On a September day 4 1/2 years ago, nearly 1,100 ninth-graders — a little giddy, a little scared — arrived at Birmingham High School in Van Nuys. They were fifth-generation Americans and new arrivals, straight arrows and gangbangers, scholars and class clowns.
On a radiant evening last June, 521 billowing figures in royal blue robes and yellow-tasseled mortarboards walked proudly across Birmingham’s football field, practically floating on a carpet of whoops and shouts and blaring air horns, to accept their diplomas.
It doesn’t take a valedictorian to do the math: Somewhere along the way, Birmingham High lost more than half of the students who should have graduated.
It is a crucial question, not just for Birmingham but for all American schools.
High school dropouts lead much harder lives, earn far less money and demand vastly more public assistance than their peers who graduate.

Lucy Mathiak posted MMSD dropout data, including those who showed high achievement during their elementary years.

One thought on “The Vanishing Class: Why Does High School Fail So Many?”

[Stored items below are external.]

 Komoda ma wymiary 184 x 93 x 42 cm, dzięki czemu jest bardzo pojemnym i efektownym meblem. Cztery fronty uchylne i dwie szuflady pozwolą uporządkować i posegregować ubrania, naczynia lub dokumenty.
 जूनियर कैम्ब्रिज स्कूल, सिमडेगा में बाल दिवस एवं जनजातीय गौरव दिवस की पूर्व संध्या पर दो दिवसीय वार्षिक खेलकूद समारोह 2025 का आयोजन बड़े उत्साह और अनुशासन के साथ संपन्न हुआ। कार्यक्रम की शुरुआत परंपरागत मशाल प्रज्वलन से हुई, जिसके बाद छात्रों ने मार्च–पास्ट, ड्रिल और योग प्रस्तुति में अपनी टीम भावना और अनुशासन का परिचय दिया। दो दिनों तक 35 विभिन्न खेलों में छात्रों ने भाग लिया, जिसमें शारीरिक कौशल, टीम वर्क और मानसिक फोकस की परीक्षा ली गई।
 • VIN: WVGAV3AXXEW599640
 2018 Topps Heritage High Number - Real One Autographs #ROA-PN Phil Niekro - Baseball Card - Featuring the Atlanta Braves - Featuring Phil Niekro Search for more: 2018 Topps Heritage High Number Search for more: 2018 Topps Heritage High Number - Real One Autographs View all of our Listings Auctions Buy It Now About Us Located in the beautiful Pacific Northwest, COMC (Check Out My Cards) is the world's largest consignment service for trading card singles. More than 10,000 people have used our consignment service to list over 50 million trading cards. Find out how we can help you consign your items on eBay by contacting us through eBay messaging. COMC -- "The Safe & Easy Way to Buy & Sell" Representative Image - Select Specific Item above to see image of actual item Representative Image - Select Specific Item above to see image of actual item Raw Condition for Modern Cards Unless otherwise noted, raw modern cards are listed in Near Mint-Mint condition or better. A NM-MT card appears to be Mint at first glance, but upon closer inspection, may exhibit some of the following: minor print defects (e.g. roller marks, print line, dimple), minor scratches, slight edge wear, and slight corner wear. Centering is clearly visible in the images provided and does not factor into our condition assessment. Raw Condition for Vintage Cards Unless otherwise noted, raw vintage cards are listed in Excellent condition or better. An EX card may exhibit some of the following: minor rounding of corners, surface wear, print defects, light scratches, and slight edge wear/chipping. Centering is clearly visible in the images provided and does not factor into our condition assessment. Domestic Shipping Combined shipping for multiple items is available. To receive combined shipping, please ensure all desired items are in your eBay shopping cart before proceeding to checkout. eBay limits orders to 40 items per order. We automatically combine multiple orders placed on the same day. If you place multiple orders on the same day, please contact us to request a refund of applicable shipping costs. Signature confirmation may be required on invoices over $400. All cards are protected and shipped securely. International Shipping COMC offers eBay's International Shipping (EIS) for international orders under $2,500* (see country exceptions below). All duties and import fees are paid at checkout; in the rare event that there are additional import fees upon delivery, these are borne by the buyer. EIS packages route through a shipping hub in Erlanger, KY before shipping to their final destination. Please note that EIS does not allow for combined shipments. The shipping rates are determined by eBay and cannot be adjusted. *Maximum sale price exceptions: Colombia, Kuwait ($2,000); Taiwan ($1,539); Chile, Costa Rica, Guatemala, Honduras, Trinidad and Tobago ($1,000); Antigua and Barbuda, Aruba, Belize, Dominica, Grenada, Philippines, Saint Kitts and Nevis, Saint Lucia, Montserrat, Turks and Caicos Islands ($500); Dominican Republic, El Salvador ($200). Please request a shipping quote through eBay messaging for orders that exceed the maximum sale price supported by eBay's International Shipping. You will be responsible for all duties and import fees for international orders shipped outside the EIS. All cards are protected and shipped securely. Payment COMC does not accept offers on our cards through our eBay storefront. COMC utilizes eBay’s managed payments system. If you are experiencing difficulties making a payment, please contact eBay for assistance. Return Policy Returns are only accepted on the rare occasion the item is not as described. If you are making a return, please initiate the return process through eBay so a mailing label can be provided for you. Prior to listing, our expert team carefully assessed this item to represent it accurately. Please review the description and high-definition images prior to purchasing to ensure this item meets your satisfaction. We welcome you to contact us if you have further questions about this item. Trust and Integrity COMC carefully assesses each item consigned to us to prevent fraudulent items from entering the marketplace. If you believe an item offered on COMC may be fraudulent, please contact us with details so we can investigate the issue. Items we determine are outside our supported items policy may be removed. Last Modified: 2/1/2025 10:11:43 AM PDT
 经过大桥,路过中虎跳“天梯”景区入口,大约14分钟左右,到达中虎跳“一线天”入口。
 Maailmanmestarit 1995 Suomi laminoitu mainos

  1. Did anyone else read far enough in that (very long) article, to hear that one of the things they are hoping will make a big difference is the development of “small learning communities”? But it sounds like theirs will each concentrate on a smaller interest area that can try to get those kids involved enough to keep working. For example, communities that focus on journalism, performance arts, technology, etc.
    This isn’t even a bad school, yet they lose way more than the district admits to dropping out (even when you do try to account for kids from the original 1100 who moved schools, went to a technical school, are in home study courses, etc.). IN my own experience, almost 25 years ago, a year-and-a-half AFTER I had transferred to a private school at the end of middle school, our local high school called my mom and dad during the day in November to tell them I was not at school that day, and were they aware that I had been skipping a lot lately. They also failed to identify themselves immediately, other than “calling from school”, and nearly gave my mom a heart attack when they asked her if she was “aware that your daughter is not in school today”. I too, grew up in a good district, in a state known for quality education, and that was over 20 years ago already. The districts can’t even keep track of the students they do still have, they have no idea what happened to the ones who left.